They look like planets. Two droplets move in orbits on an ice cold fluid surface. They attract each other, and by almost frictionless movement on their own vapour, they skate around each other. It is a fascinating mechanism that could be used for preparing and transporting biological samples with a minimum of contamination. Researchers of the University of Twente publish about this in their paper ‘Capillary Orbits’ in Nature Communications of 2 September.

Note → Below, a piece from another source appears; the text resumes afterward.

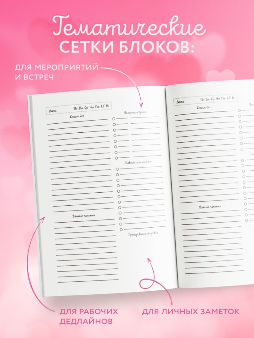 «К себе нежно» — это ежедневник от автора одноименного бестселлера. Он не про успешный успех и карьерную мотивацию, он — про бережное отношение к себе, про то тихое и нежное, что у вас внутри. С помощью этого ежедневника вы не только сможете помнить о предстоящих делах и задачах, но и обретете верного друга, который будет от страницы к странице обнимать вас словами. В ежедневнике вас ждут: • блоки для записей дел на будни и выходные; • «обнимательная» фраза-напутствие на каждую неделю; • цитаты из книги «К себе нежно»; • рубрика «Важно» для записи задач, требующих особого внимания; • рубрика «Чем я себя порадую?», куда можно вписывать все то приятное, что вы собираетесь сделать для себя; • трекеры для двух привычек; • необычный вопрос на «подумать» и «почувствовать» — для самопознания и исследования своих глубин; • трекер жизненного изобилия, который поможет убедиться: ваша жизнь намного богаче и интереснее, чем кажется; • «носочек накоплений», помогающий следить за тем, как копятся деньги на мечту; • раскраски, которые помогут развеяться, отвлечься или просто занять руки во время скучного совещания :) • и другие авторские материалы.

The phenomenon that floating objects attract each other and cluster together, is known as the Cheerios Effect, after the ring-shaped breakfast cereal. But if you would take two small balls floating on the water, they would clearly not start moving in the way that is shown in this new publication. Friction simply is much too high for that. The essential difference is that the droplets, in this research, float on the vapour layer that forms between the droplet – at room temperature, initially – and the very cold liquid nitrogen beneath. The droplet skates across the surface, just like the ‘water strider’ insect can walk over water. Using one droplet, the effect is already remarkable, as the researchers proved in their earlier 'PNAS' publication. Still, you could imagine that using two droplets, they would start behaving like bouncing billiard balls. The fact that they, instead, start moving in orbits, has to do with surface tension. The weight of one droplet distorts the shape of the fluid surface, causing the other droplet to move. This resembles general relativity, in which the mass of one celestial object influence the orbits of others by curvature of space-time.
The circumstances do change ‘on the move’, however, as the droplets get colder and colder, changing the speed and interaction. Although small, friction grows as well. From that moment on, the droplet movement cannot longer be compared to planet orbits: the orbit of droplets will be spirally shaped, as the researchers show in their calculations and simulations. What will happen if many droplets are released on the surface is an interesting, though complex, next step.
The way the movement of the droplet is controlled, could be a way of moving vulnerable biological examples and manipulate them without the need of putting them into a container or tube, risking contamination. The sample is even deep-frozen 'on the move'.
The research has been done by UT’s Physics of Fluids group and the Max Planck – University of Twente Center for Complex Fluid Dynamics.
The paper ‘Capillary Orbits’ by Anaïs Gauthier, Devaraj van der Meer, Jacco Snoeijer en Guillaume Lajoinie, is published in Nature Communications on 2 september.